- WORK INSTRUCTION
Restate every line of the data word for word, except for the images.

- DATA SHOWN
__________

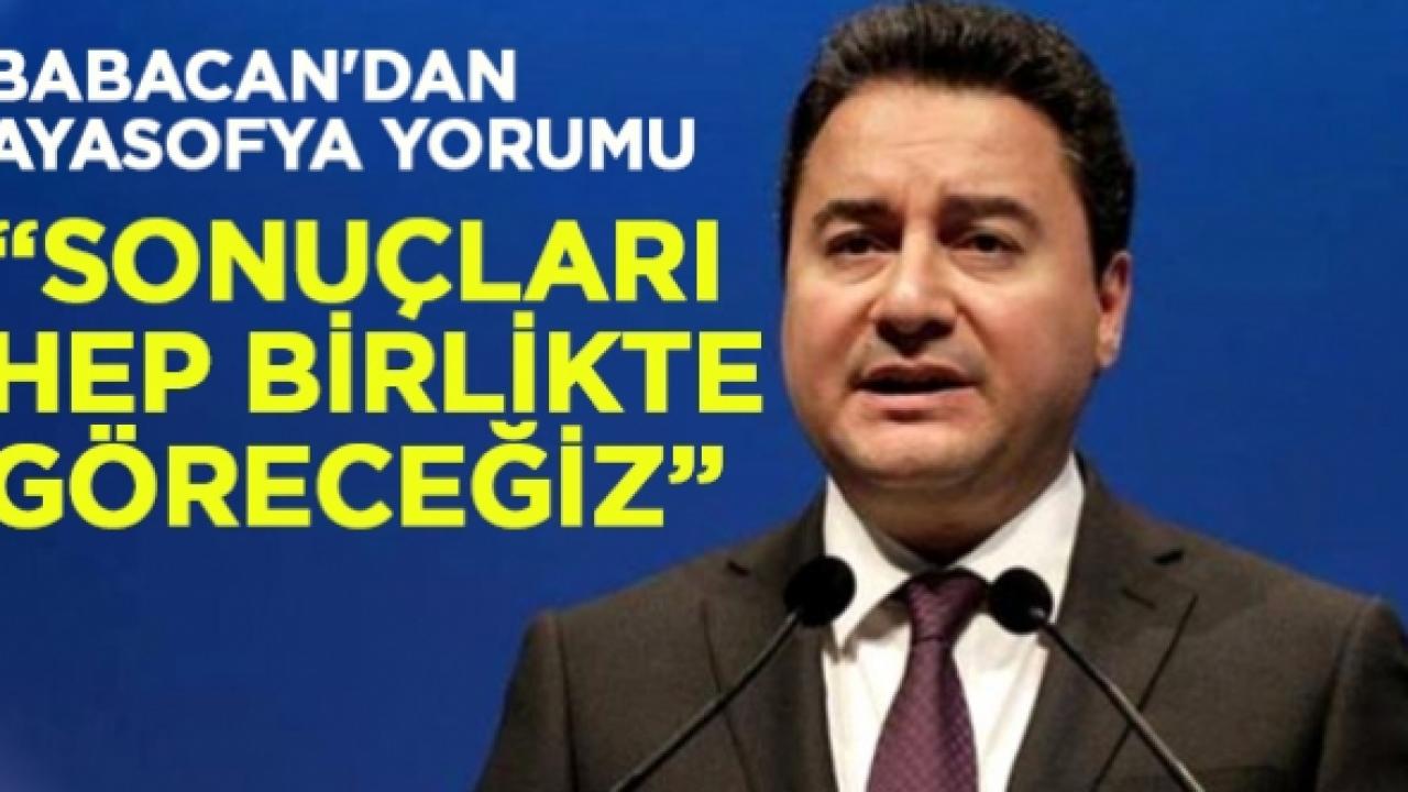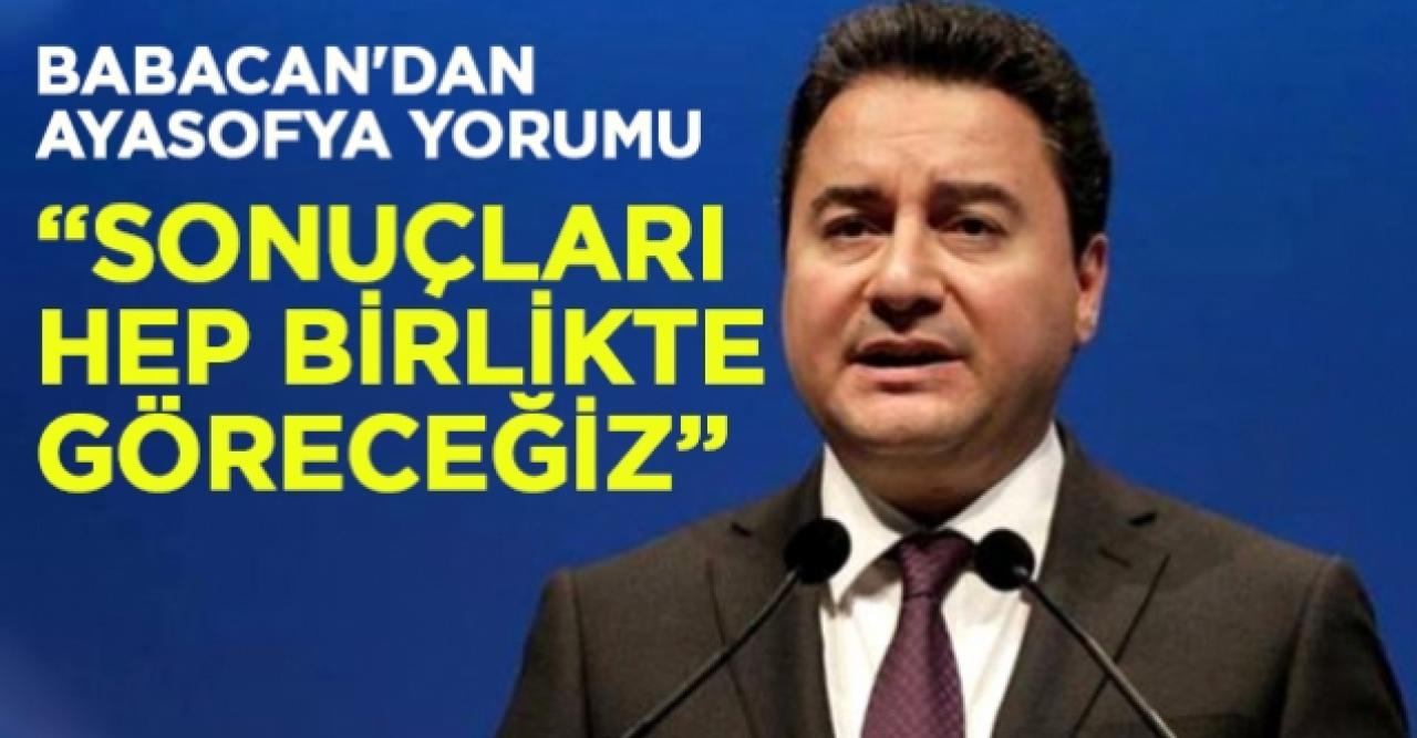 Demokrasi ve Atılım Partisi (DEVA) Genel Başkanı Ali Babacan, Ayasofya'nın ibadete açılması konusunda, "Yöneticilerin içerideki ve dışarıdaki yansımalarını, sonuçlarını hesap ederek bu kararı aldıklarını ümit ediyorum. Sonuçlarını hep birlikte göreceğiz. Ayasofya'nın ibadete açılmasının hayırlı olmasını diliyorum" dedi.Babacan, parti genel merkezinde bir araya geldiği gazetecilere değerlendirmelerde bulundu, soruları yanıtladı.
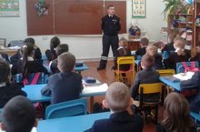 Бүген безнең мәктәптә өлкән дәүләт инспекторы Ахатов Фәнис Фирдәвисович белән очрашу булды. Ул башлангыч класс укучыларына юл йөрү кагыйдәләре турында сөйләде. Безнең авыл юллары буенча төрле сораулар бирде. Балалар барлык сорауларга да җавап биреп, үзләренең юл йөрү кагыйдәләрен төгәл үтәүләрен күрсәттеләр. Фәнис Фирдәвисович һәр бала да тәүлекнең караңгы өлешендә отражатель-яктырткыч тагып йөрергә тиеш икәнлеген тагын кабатлап әйтте.
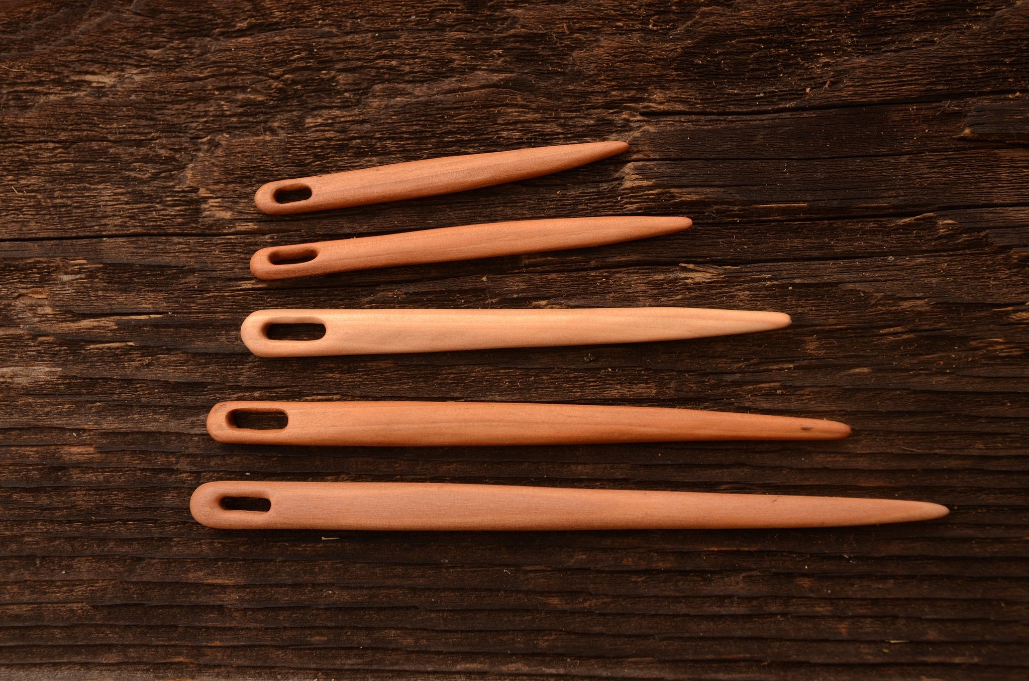 These 5 nalbinding needles are cut out from solid and elastic apple tree wood. Needles are with elongated eyes. Preserved with natural mineral oil and wax mix. No wrinkles, no sharp corners - don't damage yarn. The smooth finish moves easily through the stitches. Nalbinding needles will give you years of service.

__________

- ANSWER SECTION
 Demokrasi ve Atılım Partisi (DEVA) Genel Başkanı Ali Babacan, Ayasofya'nın ibadete açılması konusunda, "Yöneticilerin içerideki ve dışarıdaki yansımalarını, sonuçlarını hesap ederek bu kararı aldıklarını ümit ediyorum. Sonuçlarını hep birlikte göreceğiz. Ayasofya'nın ibadete açılmasının hayırlı olmasını diliyorum" dedi.Babacan, parti genel merkezinde bir araya geldiği gazetecilere değerlendirmelerde bulundu, soruları yanıtladı.
 Бүген безнең мәктәптә өлкән дәүләт инспекторы Ахатов Фәнис Фирдәвисович белән очрашу булды. Ул башлангыч класс укучыларына юл йөрү кагыйдәләре турында сөйләде. Безнең авыл юллары буенча төрле сораулар бирде. Балалар барлык сорауларга да җавап биреп, үзләренең юл йөрү кагыйдәләрен төгәл үтәүләрен күрсәттеләр. Фәнис Фирдәвисович һәр бала да тәүлекнең караңгы өлешендә отражатель-яктырткыч тагып йөрергә тиеш икәнлеген тагын кабатлап әйтте.
 These 5 nalbinding needles are cut out from solid and elastic apple tree wood. Needles are with elongated eyes. Preserved with natural mineral oil and wax mix. No wrinkles, no sharp corners - don't damage yarn. The smooth finish moves easily through the stitches. Nalbinding needles will give you years of service.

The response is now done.